The Roar of Love

As a follow-up to my top five fantasy concept albums, covered in Mewsings a while back, over the next few entries I’m going to look at a few more fantasy albums I’ve come across recently (one of which I’ve been trying to get hold of for some time). These are slightly different in that they’re adaptations of (or inspired by) existing fantasy books, not original fantasies in themselves.

First up is The Roar of Love by a band called 2nd Chapter of Acts. Now, did you pick up on the subtle cultural signals tucked away in the band’s name to guess they’re a Christian group? I admit that, at first, this put me off buying the album. Then I told myself to stop being silly. After all, I don’t let the fact that I don’t ride a motorbike stop me from listening to Blue Öyster Cult, do I? (Nor does the fact that I don’t use drugs stop me from listening to Hawkwind; nor does the fact that I don’t use the word motherf—! stop me listening to Jane’s Addiction, either.) I was just a little wary of the music being a bit too happy, not to mention clappy.

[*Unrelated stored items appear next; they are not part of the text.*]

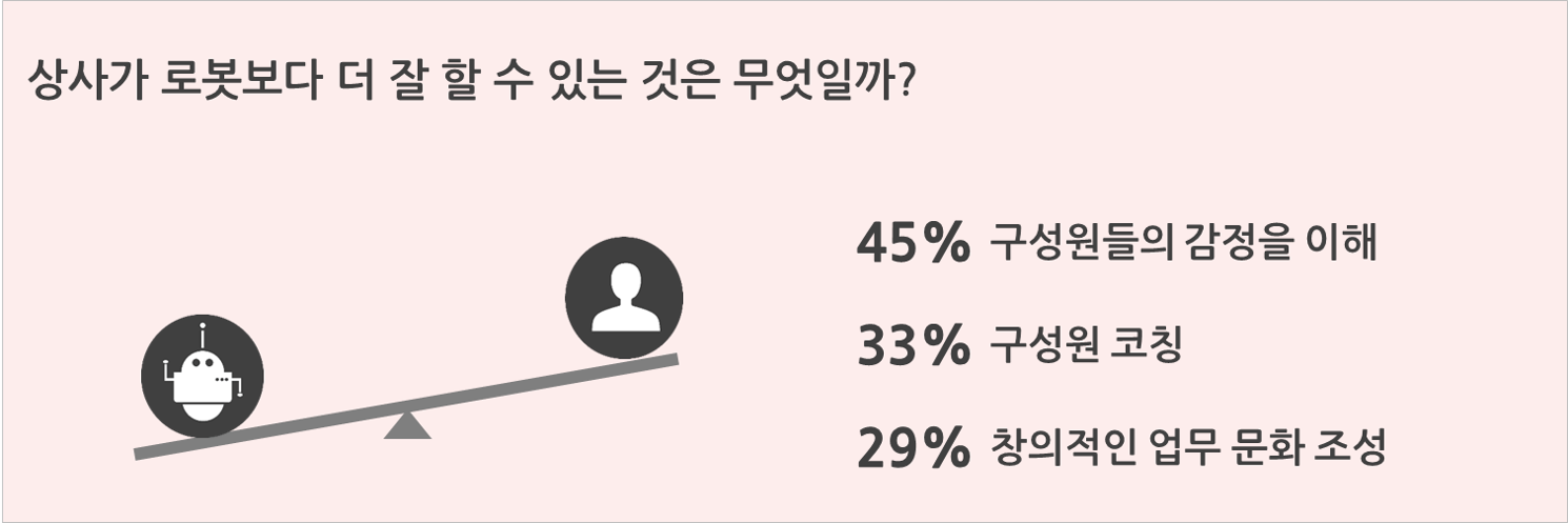 상사가 로봇보다 더 나은 것은 없는 걸까? 응답자들은 상사가 로봇보다 잘 할 수 있는 것으로, 구성원들의 감정을 이해(45%)하고, 코칭(33%)해 주고, 창의적인 업무 문화를 조성(29%)하는 것을 꼽았다.
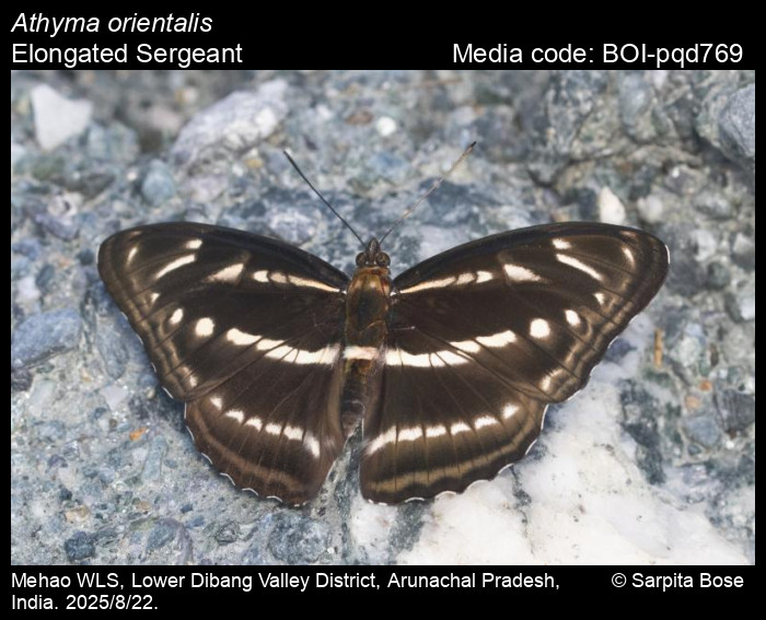 Anonymous 2025. Athyma orientalis Elwes, 1888 – Elongated Sergeant. In Kunte, K., S. Sondhi, and P. Roy (Chief Editors). Butterflies of India, v. 4.12. Published by the Indian Foundation for Butterflies. URL: https://www.ifoundbutterflies.org/athyma-orientalis, accessed 2025/10/07.
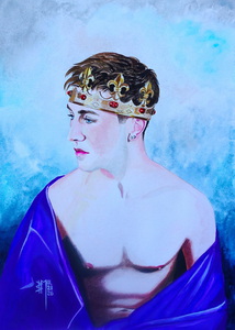second portrait of my model Micha ( 2025) in aquarel and gouache on cottonpaper. 43x28cm ,in passe partout 60x50
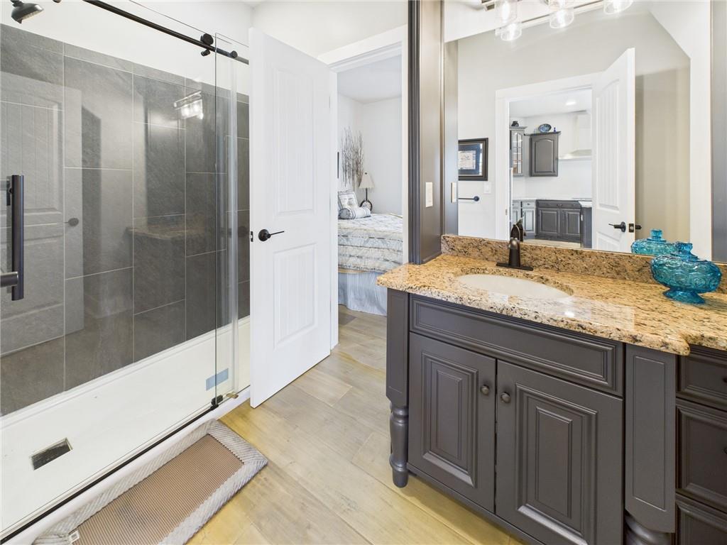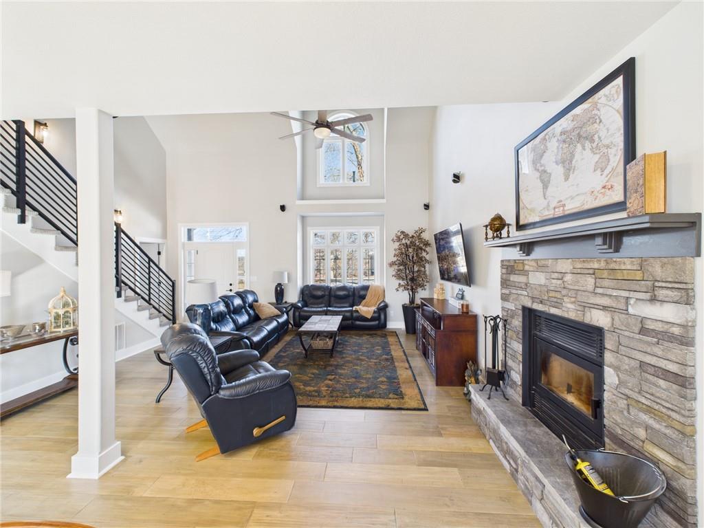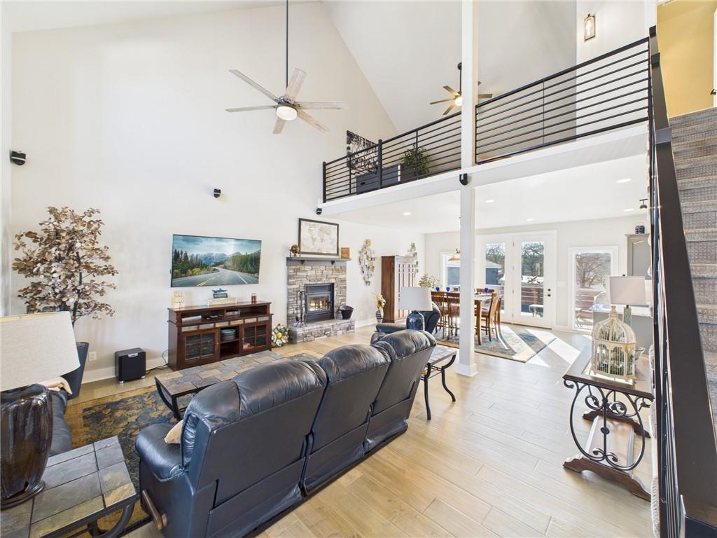 Built in 2022 and situated on approximately 0.34 acres, this beautiful 3-bedroom, 2-bath home is located in the desirable Paradise Point subdivision. (3rd bedroom does not have a window) The seller truly spared no expense with upgrades throughout the home. The entry welcomes you into an open floor plan with soaring cathedral ceilings and large windows that flood the home with natural light. The living room is cozy and spacious with a wood-burning fireplace sitting perfectly between the living and dining rooms, creating a warm and inviting atmosphere. The dining room features tall, elegant windows and a French door that opens to a large deck and flows seamlessly into the spacious kitchen, making it ideal for entertaining. The kitchen offers an abundance of tall cabinetry, large island with additional seating and elegant granite countertops. Just off the kitchen is a large pantry/laundry room with granite countertops and additional storage. The spacious main-level primary bedroom features a full bath with granite countertops and a tiled walk-in shower. Upstairs, you’ll find a loft overlooking the main living area, two spacious bedrooms, and a large bathroom featuring granite countertops and a dedicated makeup vanity. One upstairs bedroom includes pull-down attic access for extra storage. The attached garage is approximately 461 square feet with tall ceilings, two garage doors, and a built-in tornado shelter located in the floor of the garage. Between the home and the detached garage is a circle drive for additional parking. The detached shop with concrete flooring offers an additional 192 square feet of workspace or storage. This home is part of the Paradise Point subdivision in Warsaw, MO, on the Upper Osage Arm of the Lake of the Ozarks. The community offers lake access, private docks, and close proximity to marinas and swim beaches—perfect for boating, fishing, and lake living.
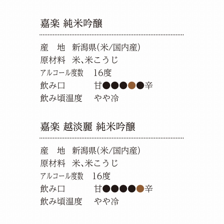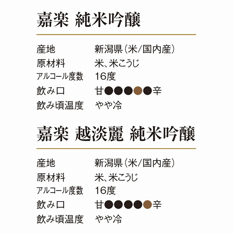商品内容●嘉楽 純米吟醸720ml、嘉楽 越淡麗 純米吟醸720ml
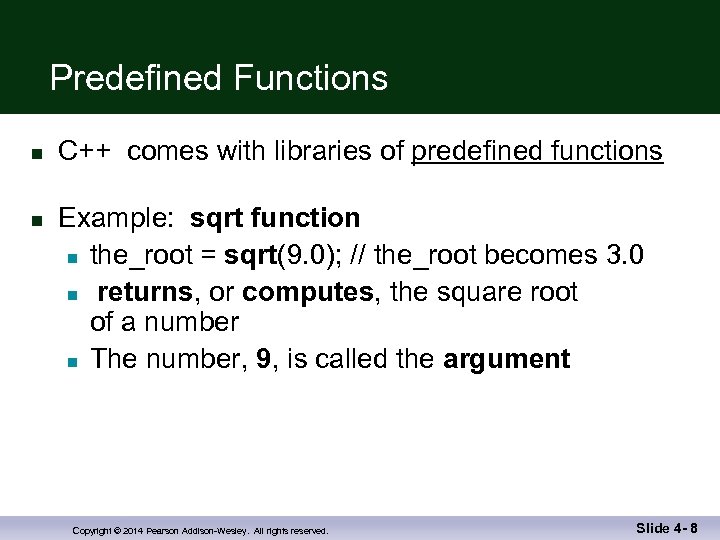 Predefined Functions n n C++ comes with libraries of predefined functions Example: sqrt function n the_root = sqrt(9. 0); // the_root becomes 3. 0 n returns, or computes, the square root of a number n The number, 9, is called the argument Copyright © 2014 Pearson Addison-Wesley. All rights reserved. Slide 4 - 8
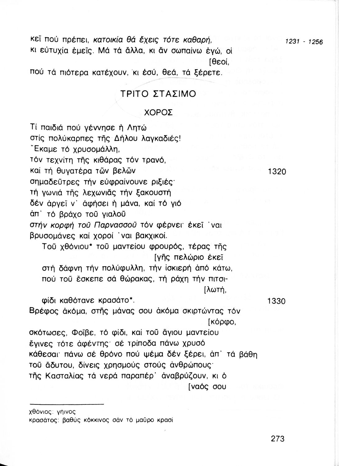Σχολικό εγχειρίδιο Αρχαίων Ελληνικών Γ΄ Γυμνασίου που περιλαμβάνει εισαγωγή στη δραματική ποίηση, το αρχαίο θέατρο και την τραγωδία, μετάφραση των έργων Προμηθέας Δεσμώτης του Αισχύλου, Αντιγόνη του Σοφοκλή και Ιφιγένεια η εν Ταύροις του Ευριπίδη και ερμηνευτικά σχόλια.
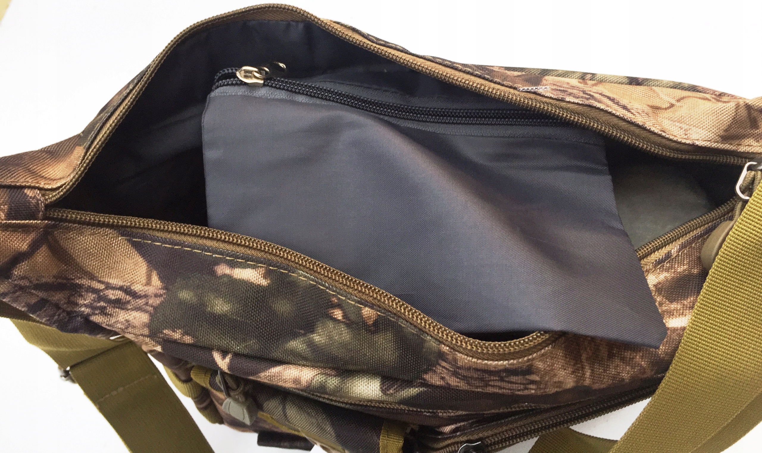 Na froncie pojemna kieszeń na zamek, dodatkowo kieszonka na rzep, z dużym D-Ring-iem oraz kieszeń kargo i płaska ,również na suwak,
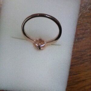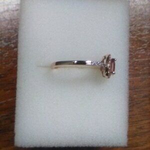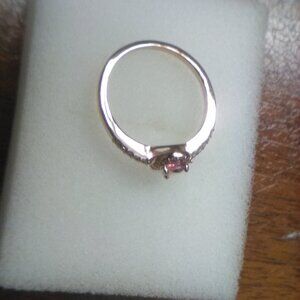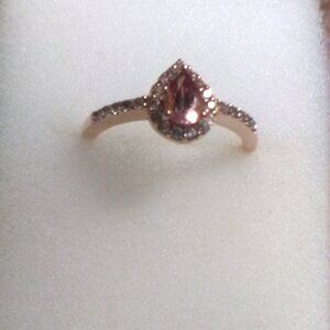 Small Pear-Shaped Pink Garnet prong set in Rose Gold over Sterling Silver Ring with Zircon Accents. Stamped 925

The Roar of Love (1980) is inspired by C S Lewis’s The Lion, the Witch and the Wardrobe. My mum read the entire Narnia series to my brother and me, a chapter at a time (with the occasional, magical, “Let’s read two chapters this time, shall we?” — she clearly enjoyed them as much as we did), and I loved them. Along with Ursula Le Guin’s A Wizard of Earthsea, they were the first proper fantasy books I read (or had read to me), and I was totally lost in their world. It was only when I was about eight or nine, when I bought a book about the Narnia series (it may have been Paul F Ford’s Companion to Narnia) that I came across the idea that the Narnia books were Christian allegories. This was a total shock to me, as I associated Christianity with school assemblies, the enforced singing of hymns (all of which but “The Lord of the Dance” I found dull), and, worst of all, school-visiting vicars with their “God is your best friend!” cheery-cheery vapidity. (I was only interested in the chap who danced with the Devil on his back.) In fact, I felt a little betrayed. I re-read The Lion, the Witch and the Wardrobe a few years ago, and was rather disgusted by how heavy-handed (not to say cack-handed) Lewis’s attempts to force the reader to feel religious awe for Aslan were. I fully intend to re-read the whole series — the through-the-wardrobe idea is, after all, one of the most magical symbols of entering the world of the imagination I know, perhaps not even second to entering the TARDIS — but I can’t help feeling Lewis’s tempering of the imaginative experience with such pointless (to me) didacticism is a little too much like the author placing an inappropriate hand on the (child) reader’s knee…

But, that aside —

The Roar of Love is fun. The music is, at times, sort of Yes-lite: full of energy, vocals in close harmony, lots of contrasting proggish sections going from classically-inspired to bombastic (light) rock to easy listening and funky pop. There was only one real trip-up moment for me (in the opener, “Are You Goin’ To Narnia”, which contains the lines “To meet the lamb that is a lion/I want to learn to love him too”), but that was more than made up for by the songs themselves being so very listenable. “Tell the Truth” became an immediate favourite with its “Turkish Delight” chorus. (It is followed by the funky guitars and soul-style vocals of a song, confusingly called “Turkish Delight”, about Edmund’s love for the White Queen. Soul, I can’t help feeling, is diametrically opposed to the fantastic. Nevertheless it will pop up again in another of the albums I’m going to cover.)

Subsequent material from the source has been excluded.